Haywire shames other female “action stars”


On the screen is a 100 lb. blond girl who dreams of her head reaching the 5’2″ line on the tape measure.  Yet Ms. Twigs-for-Arms is able to throw a 200 lb. muscled man across the room, because she knows kung fu or is special in some supernatural way.  This is the sin of “Waif Fu“, which allows girl characters to kick some ass without bypassing the strict aesthetic of emaciated female tv/film actresses.  Haywire blows this trope out of the water, finally delivering a female action star that looks like she can take a beating equal to the one she dishes out.

Gina Carano plays Mallory, a mercenary for a shadowy organization that’s helping the U.S. government resolve situations that need to be handled with discretion.  Of course, working just outside the boundaries of traditional legal arenas has its drawbacks, particularly when bullets and betrayal become bed-fellows.

Haywire is ultimately an action vehicle for mixed martial arts fighter turned actress, Gina Carano.  A majority of action films hide their stunts behind cuts.  Someone throws a punch, then it cuts to the stunt double who falls back on a mat out of screen.

In Haywire, there are few cuts.  There are no discernible stunt doubles.  When Carano is slammed into a wall, we’re feeling the pain in our gut.  Whether she’s crossing blows with Channing Tatum or Michael Fassbender, it’s a terrifying ballet.  Ballet being the operative phrase, because despite our horror, we marvel at the athleticism of these brawls.  Carano gets in close like a spider monkey, crawling, wrapping, twisting around her opponent to take him down.  It has the best fight choreography from a U.S. film since The Matrix, with enough grace and purpose that it would make Jason Bourne blush.  A rarity in action cinema, the woman is truly the superior of the men.

When Carano’s Mallory isn’t kicking the asses of the opposite sex, we get to see the intelligence that landed her this line of work in the first place.  Despite being caught in a trap with dozens of SWAT team members hunting her down, her acrobatics and clever maneuvers get her out of harms way, not a Schwarzenegger showdown with a mini-gun.

Director Stephen Soderbergh is obviously wanting to rectify the way women are able to kick ass in cinema (aka, do it believably), but there’s also an affection for the spy thrillers of the 1970’s produced in the U.S. (The Conversation).  Paranoia, quiet tension, groovy soundtracks, governments working with shadowy paramilitary organizations to “fix things”, they’re all staples of the genre.  Haywire is only the latest to revisit that era of U.S. filmmaking, with last year’s Hanna and The American kicking off the trend, and it’s a quieter departure from the similarly spy themed, but increasingly manic Bourne franchise.
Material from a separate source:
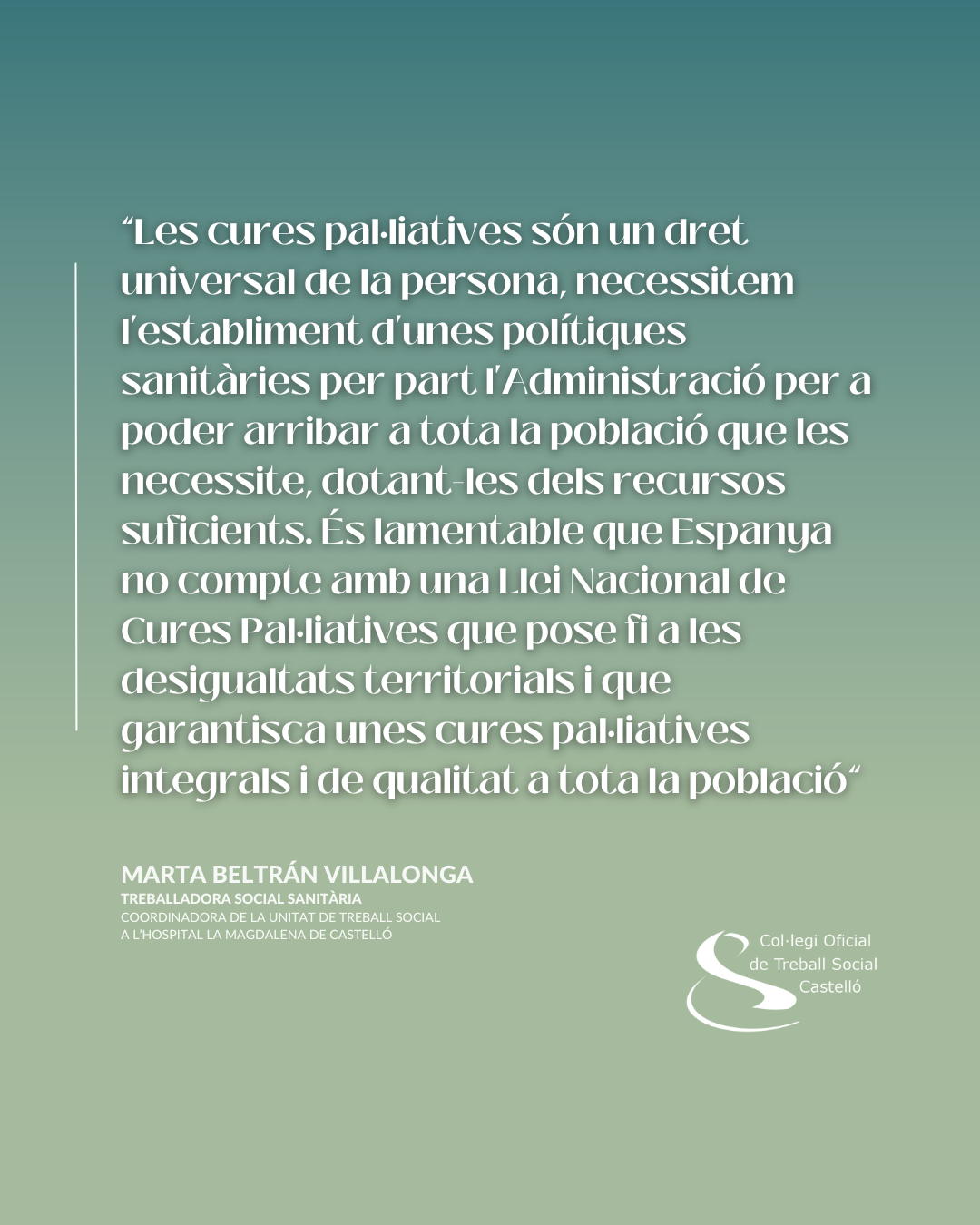- En aquesta entrevista amb motiu del Dia Mundial de la Salut, la treballadora social Marta Beltrán reivindica una Llei Nacional de Cures Pal·liatives “que pose fi a les desigualtats territorials” i garantisca el seu accés “de manera integral i des de la qualitat a tota la població”

About the only thing that does harm Haywire is the sound.  Carano’s lines are delivered with robotic emotion, the human cousin of Apple’s Siri.  Whether this has something to do with modifying Carano’s voice in post-production to sound deeper, the perfect example of ADR ruining an actor’s performance, or Carano’s weaknesses as an actress, only Soderbergh could say, but it’s distracting.  There’s also the sound mix of the fights themselves.  We’re seeing some truly amazing and painful battles, but the sounds do not support the visuals, distancing us.  Considering Soderbergh’s imdb page lists three films directed in 2011, maybe the man just ran out of time to finish his mix.

Though Haywire may not fashion an emotional connection to any of the characters, that’s not really the point.  This is Soderbergh’s Woman-On-A-Mission film and unlike that other Woman-On-A-Mission film Kill Bill, Mallory doesn’t need cinema’s “Waif Fu” to help her accomplish her task.

It will still require a cold day in hell before a female action star is allowed to be decidedly unpretty.  One success at a time, I suppose.